START AVAILABLE DATA

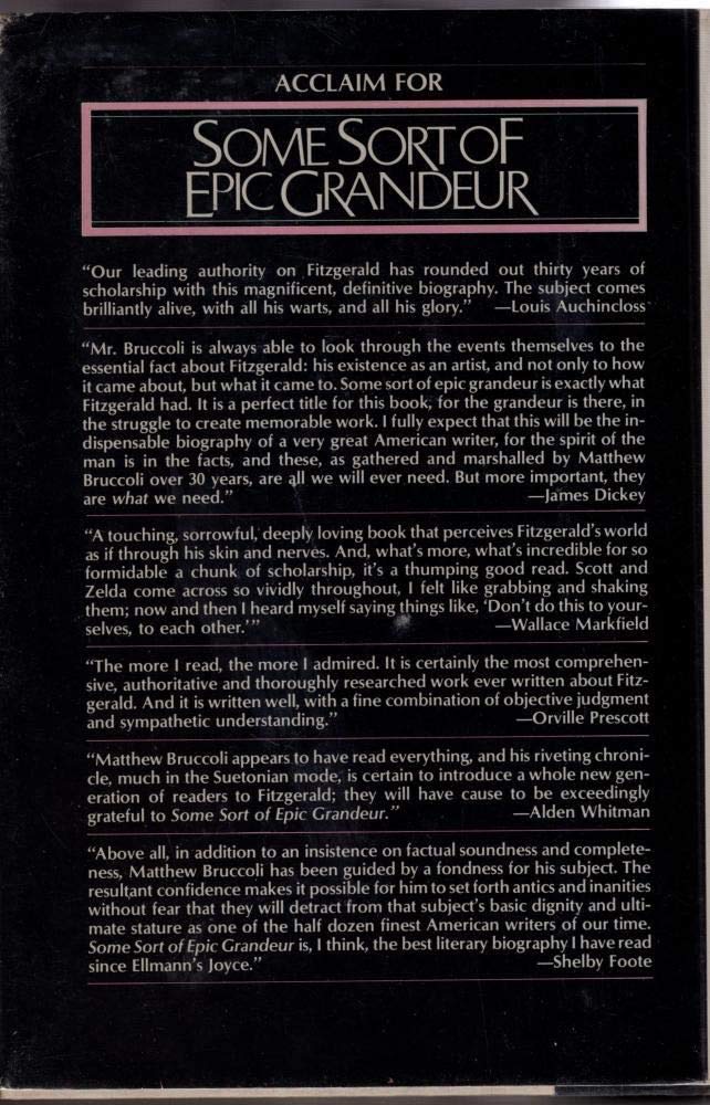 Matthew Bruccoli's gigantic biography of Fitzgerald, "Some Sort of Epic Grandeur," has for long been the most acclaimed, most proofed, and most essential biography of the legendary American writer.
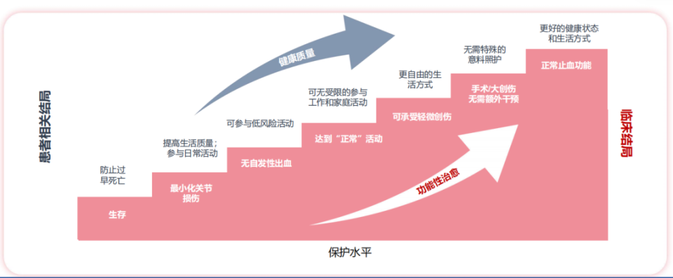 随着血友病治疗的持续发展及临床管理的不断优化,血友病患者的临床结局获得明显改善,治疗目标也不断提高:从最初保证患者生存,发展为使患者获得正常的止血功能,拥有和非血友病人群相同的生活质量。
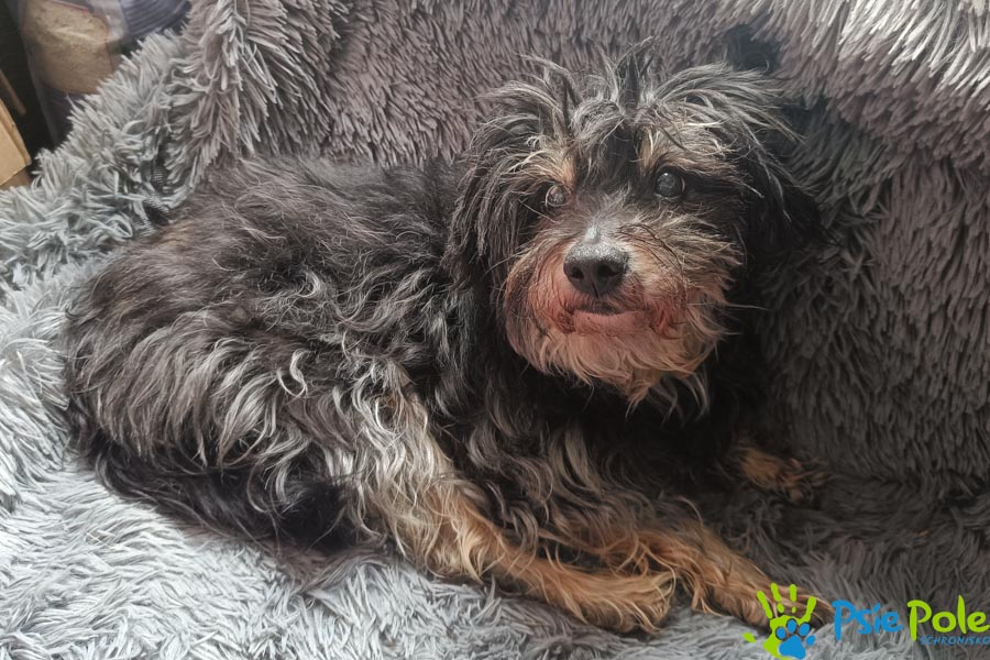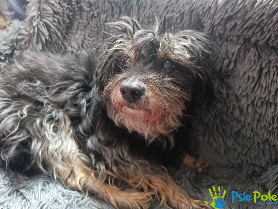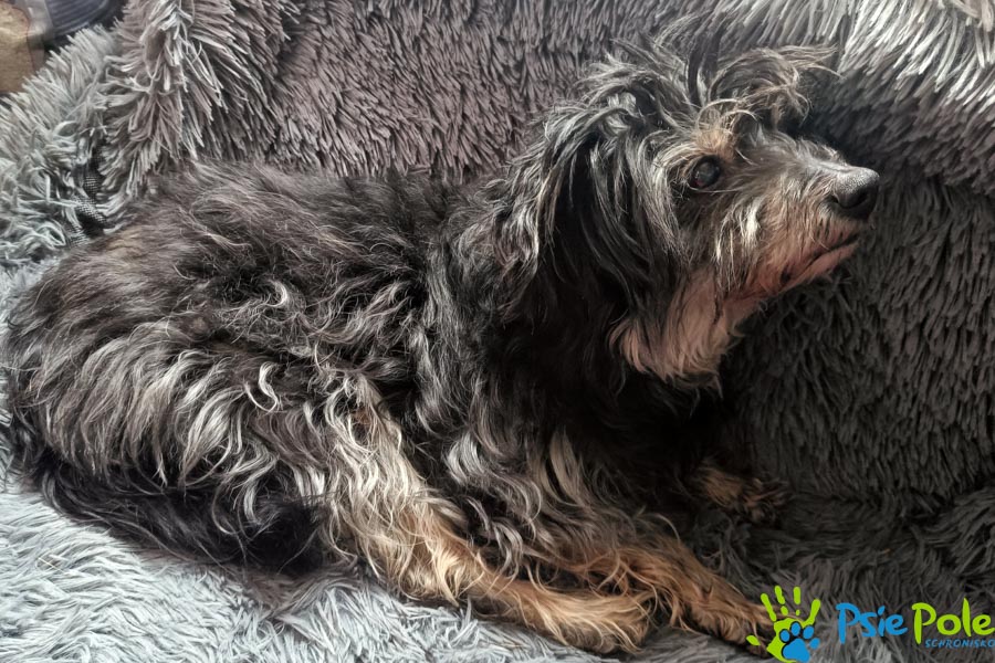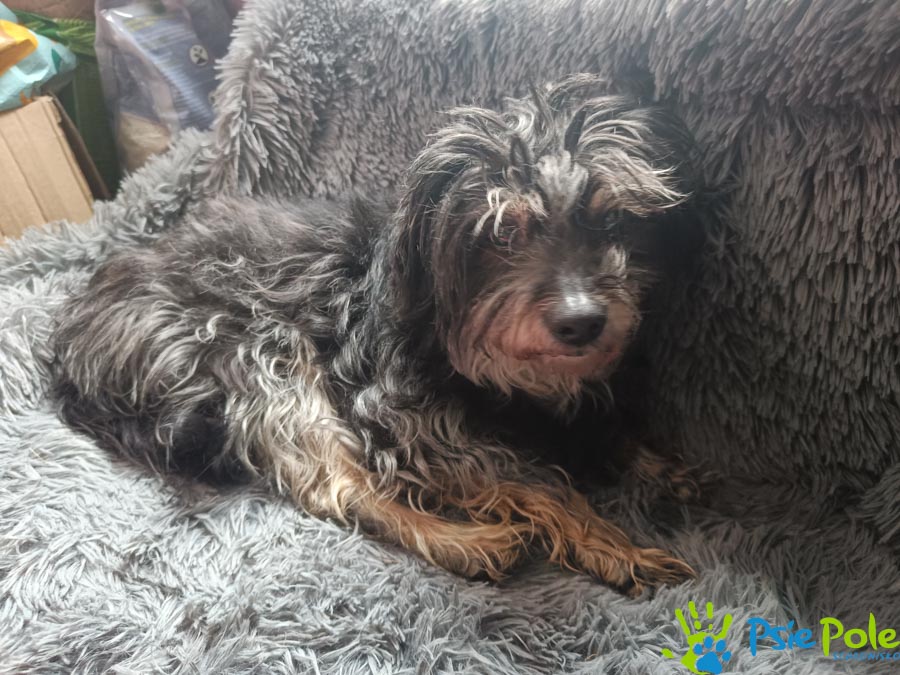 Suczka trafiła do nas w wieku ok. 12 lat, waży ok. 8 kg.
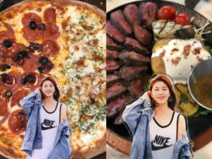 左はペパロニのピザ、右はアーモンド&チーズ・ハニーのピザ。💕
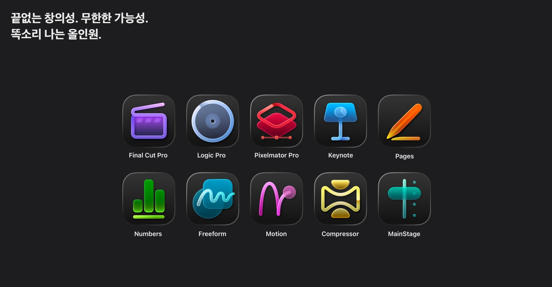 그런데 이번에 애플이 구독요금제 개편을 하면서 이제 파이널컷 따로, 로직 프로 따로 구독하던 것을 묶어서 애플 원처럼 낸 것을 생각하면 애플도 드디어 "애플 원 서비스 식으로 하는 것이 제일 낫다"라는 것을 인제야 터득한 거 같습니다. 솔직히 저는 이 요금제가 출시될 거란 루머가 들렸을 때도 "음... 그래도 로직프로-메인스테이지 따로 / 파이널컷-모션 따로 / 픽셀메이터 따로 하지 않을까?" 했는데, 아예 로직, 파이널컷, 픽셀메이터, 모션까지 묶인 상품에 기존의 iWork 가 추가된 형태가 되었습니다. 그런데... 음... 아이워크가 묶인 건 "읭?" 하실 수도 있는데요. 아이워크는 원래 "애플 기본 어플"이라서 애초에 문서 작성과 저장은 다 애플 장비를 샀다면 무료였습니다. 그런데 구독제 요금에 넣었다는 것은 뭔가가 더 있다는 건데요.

END AVAILABLE DATA
START AVAILABLE DATA

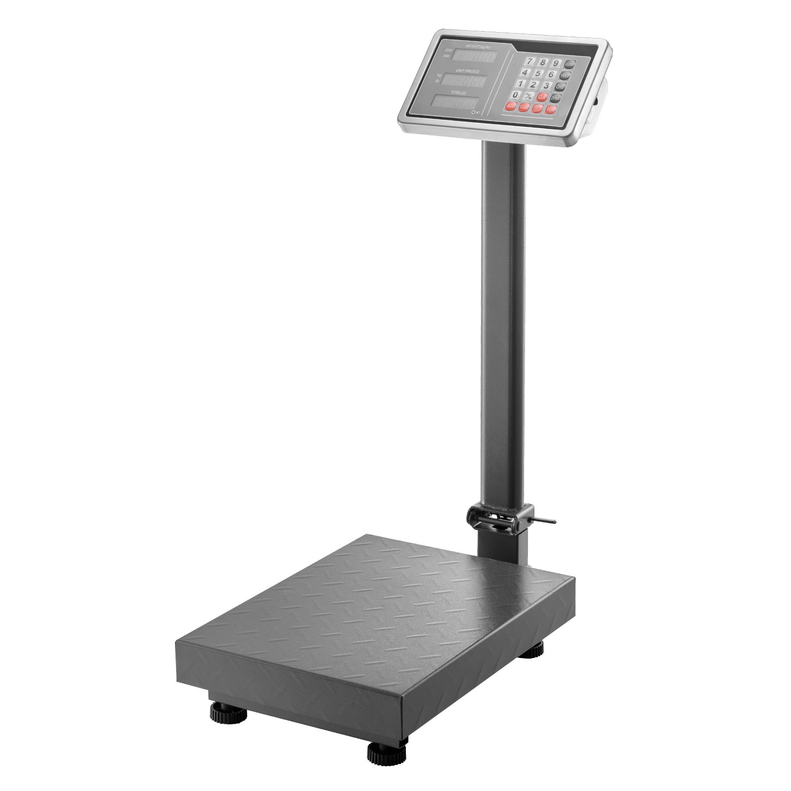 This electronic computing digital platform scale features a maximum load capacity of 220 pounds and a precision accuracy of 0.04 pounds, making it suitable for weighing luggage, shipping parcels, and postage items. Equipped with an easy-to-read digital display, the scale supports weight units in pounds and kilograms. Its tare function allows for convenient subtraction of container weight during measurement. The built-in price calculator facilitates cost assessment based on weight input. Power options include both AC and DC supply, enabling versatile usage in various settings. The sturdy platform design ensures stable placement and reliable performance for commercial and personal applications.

END AVAILABLE DATA

### WORK TO COMPLETE
From the records above, transcribe only the stretch from the line with "随着血友病治疗的持续发展及临" through the line with "左はペパロニのピザ、右はアーモンド&チーズ・ハニーのピザ。💕", keeping both ends. Omit pictures.

### SOLVED PROBLEM
 随着血友病治疗的持续发展及临床管理的不断优化,血友病患者的临床结局获得明显改善,治疗目标也不断提高:从最初保证患者生存,发展为使患者获得正常的止血功能,拥有和非血友病人群相同的生活质量。
 Suczka trafiła do nas w wieku ok. 12 lat, waży ok. 8 kg.
 左はペパロニのピザ、右はアーモンド&チーズ・ハニーのピザ。💕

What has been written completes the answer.